On August 12, the “Unite the Right” group gathered to protest the removal of a statue of General Robert E. Lee in a local park in Charlottesville, Virginia. Violence quickly broke out at what was the largest white supremacist movement in decades. The Virginia governor quickly called a state of emergency and counter protesters took to the street.

It was then that James Fields Jr. drove his Dodge Challenger through the crowd of people who took to the streets in protest of “Unite the Right”, killing one and injuring 19 before fleeing the scene.

This was a horrible act of violence and a slap in the face for those naive enough to think that racism is all but dead in this country. However, if the first reaction is on the topic of racism, a larger point—a bigger issue—is easily missed. The problem outlined in the Charlottesville, one that is becoming more apparent throughout the country, is the lack of respect and consideration for human life. People everywhere are losing their concern for their fellow man, the very thing that binds us together as communities.

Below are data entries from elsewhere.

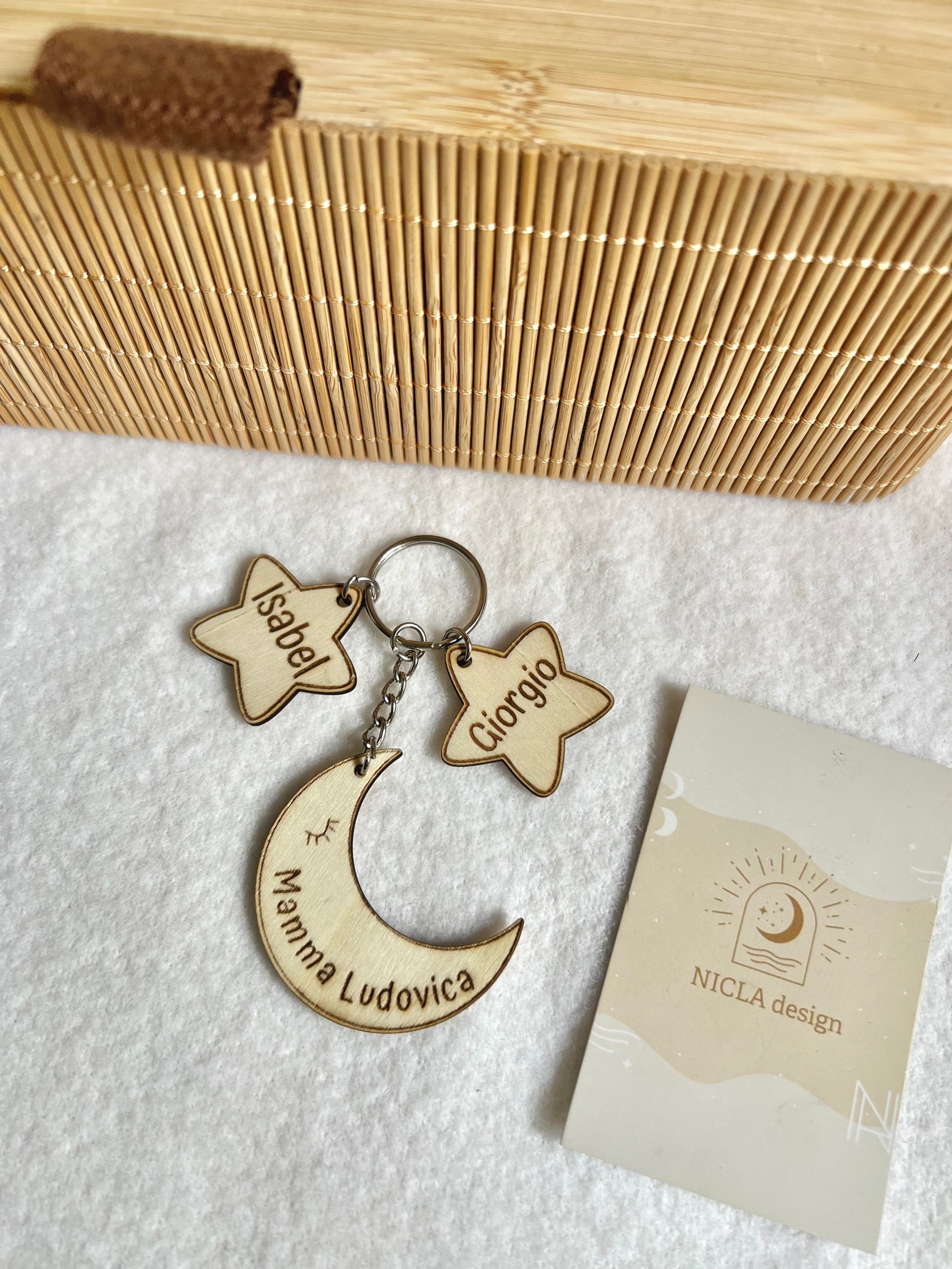 Portachiavi in legno con incisione personalizzata, raffigurante una mamma luna e per ogni stella un figlio.
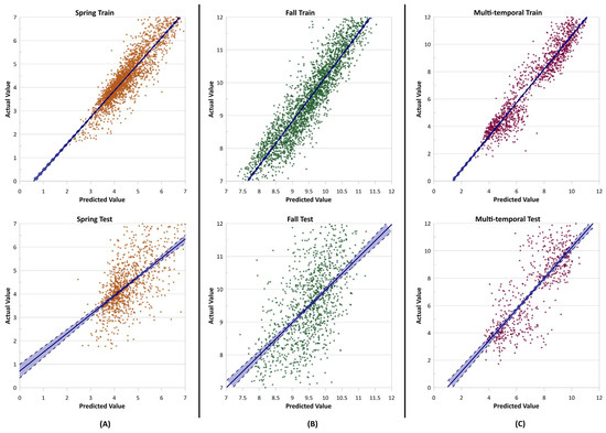 Scatter plot of the predicted and actual AGB (Mg ha−1) values for: (A) spring, (B) fall, and (C) multi-temporal models. Fitted lines with 95% interval indicators are shown in blue lines.
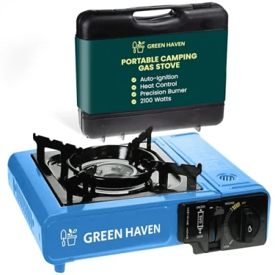 GREEN HAVEN Portable Camping Stove with Cary Case Premium Gas Stove, EN417 Compliant, Automatic Ignition & Heat Control, Blue
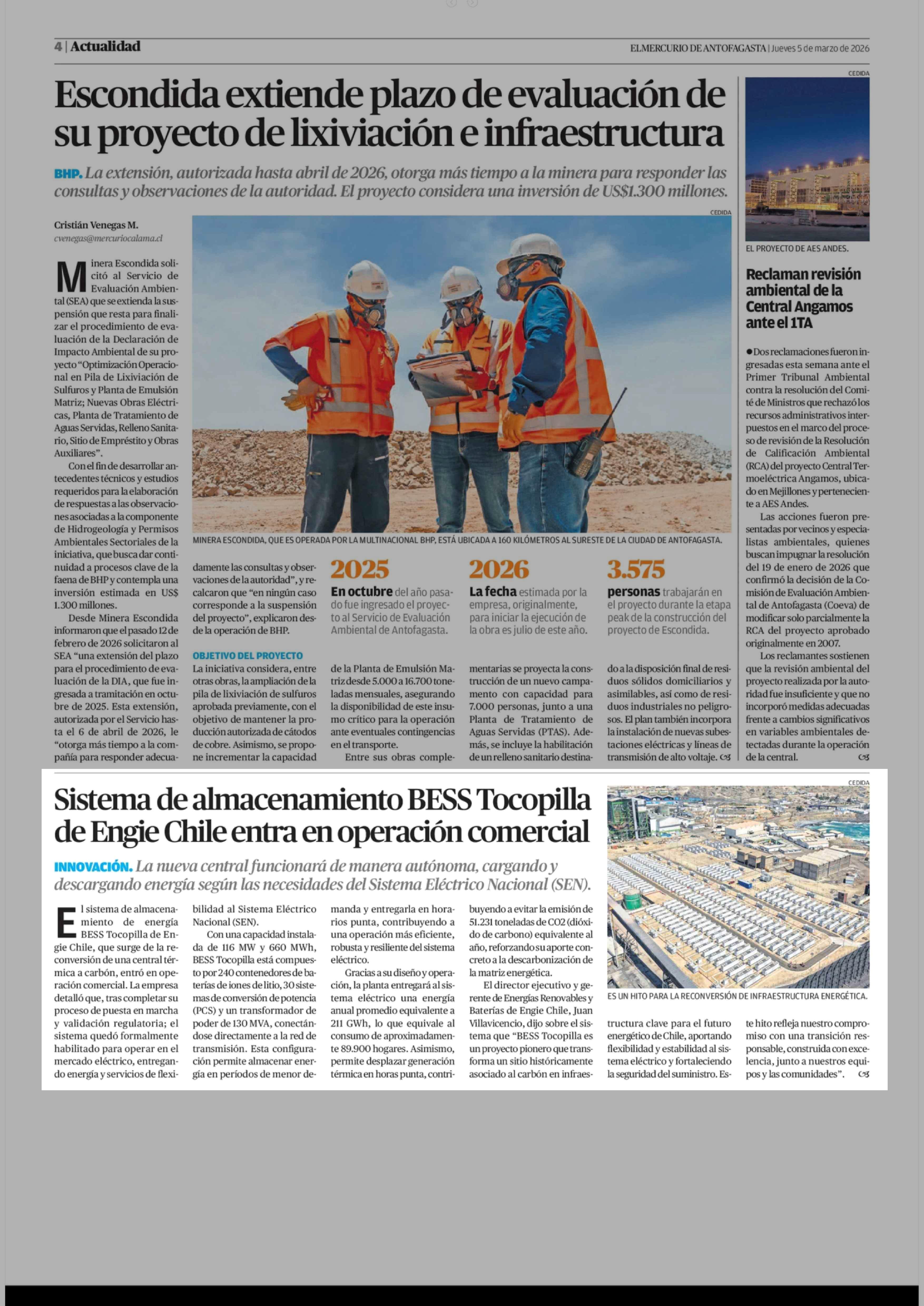 Sistema de almacenamiento BESS Tocopilla de Engie Chile entra en operación comercial 05-03-2026 El Mercurio de Antofagasta |

Yes, a man driving a car through a crowd of people shows a lack of concern for other’s well-being, but it is apparent when extended beyond. Before both sides clashed—not protested, but clashed—to overpower the other side with the message they came to deliver. It does not matter what you believe or who you are with, for endless months now the point has simply been to shove your ideals down everyone’s throat until they agree with you. Think I am wrong? Or maybe just ignorant?

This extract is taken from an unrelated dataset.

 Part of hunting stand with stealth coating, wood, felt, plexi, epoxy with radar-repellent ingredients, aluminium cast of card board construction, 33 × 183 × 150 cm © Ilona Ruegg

What about the Black Lives Matter protests at Brown University in the library that left students doing homework bloodied? What about the riots in Baltimore that destroyed countless of store owners’ property along with all the people harmed in the wake of the destruction? What about the Ku Klux Klan leader rejoicing over the death of a girl for the furthering of their cause?
I am not advocating for racism, nor am I saying that marches and peaceful protests are out of place. The freedom of speech in this country is one of our most valuable rights.

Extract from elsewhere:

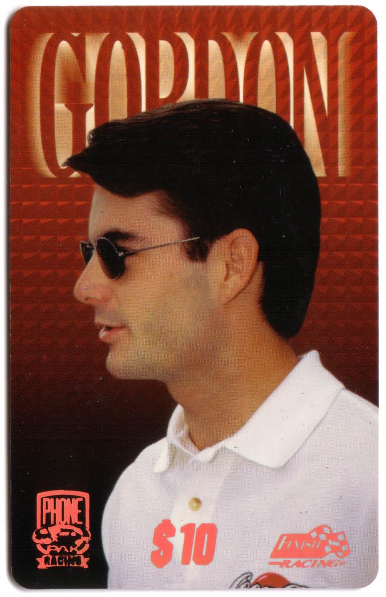This collectible PhonePak 1996 $10 phone card features a profile photographic image of Jeff Gordon, a famous NASCAR driver. Jeff Gordon is shown wearing black, round sunglasses and a white collared shirt with a golden button. His dark hair is styled neatly, and he faces left. The background of the card is a patterned red with the large gold text "GORDON" at the top, referencing Jeff Gordon's last name.
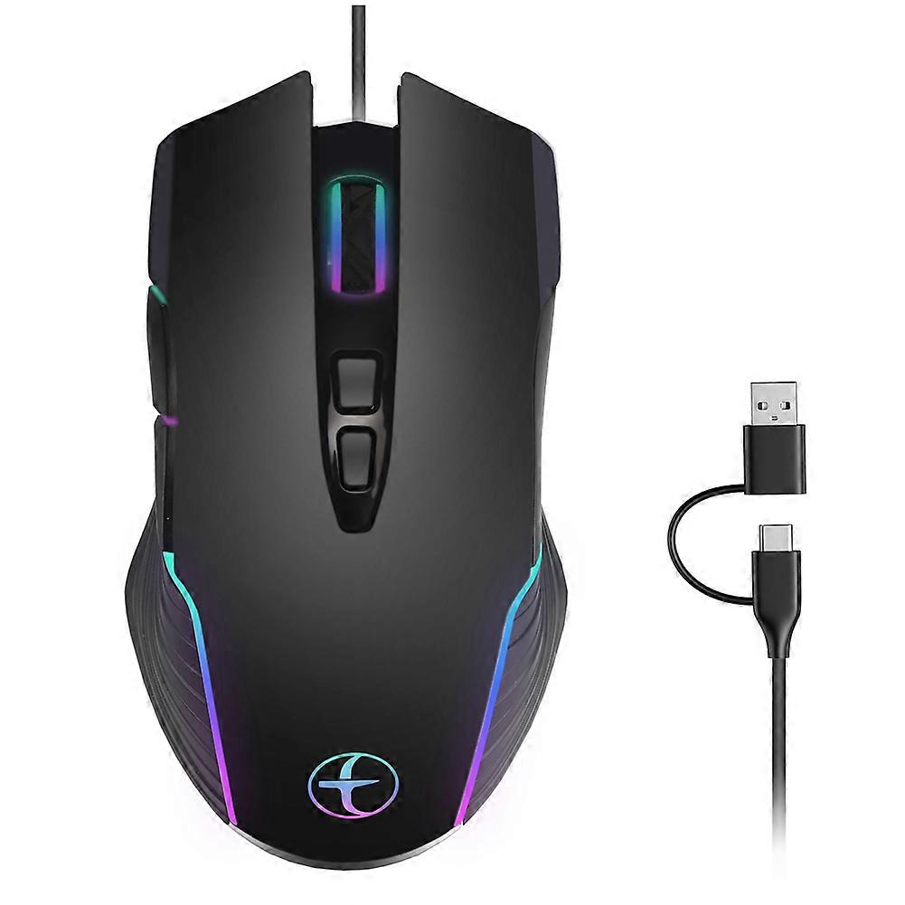 USB/Type-C Ergonomic Wired Gaming Mouse with RGB Backlit, Moving Mouse Jiggler Keeps Computer Awake 4 Adjustable DPI

The point I am trying to stress, begging you to see, is that people no longer care about others’ well-being when in pursuit of making their own voice known; they only care that their message is heard. What we are seeing is a lack of compassion for our fellow man, and a rising opinion that the voice we stand with is the only one that matters. The problem our society faces runs so much deeper than racism or equal rights. The problem is a lack of respect for life, for health of our very own.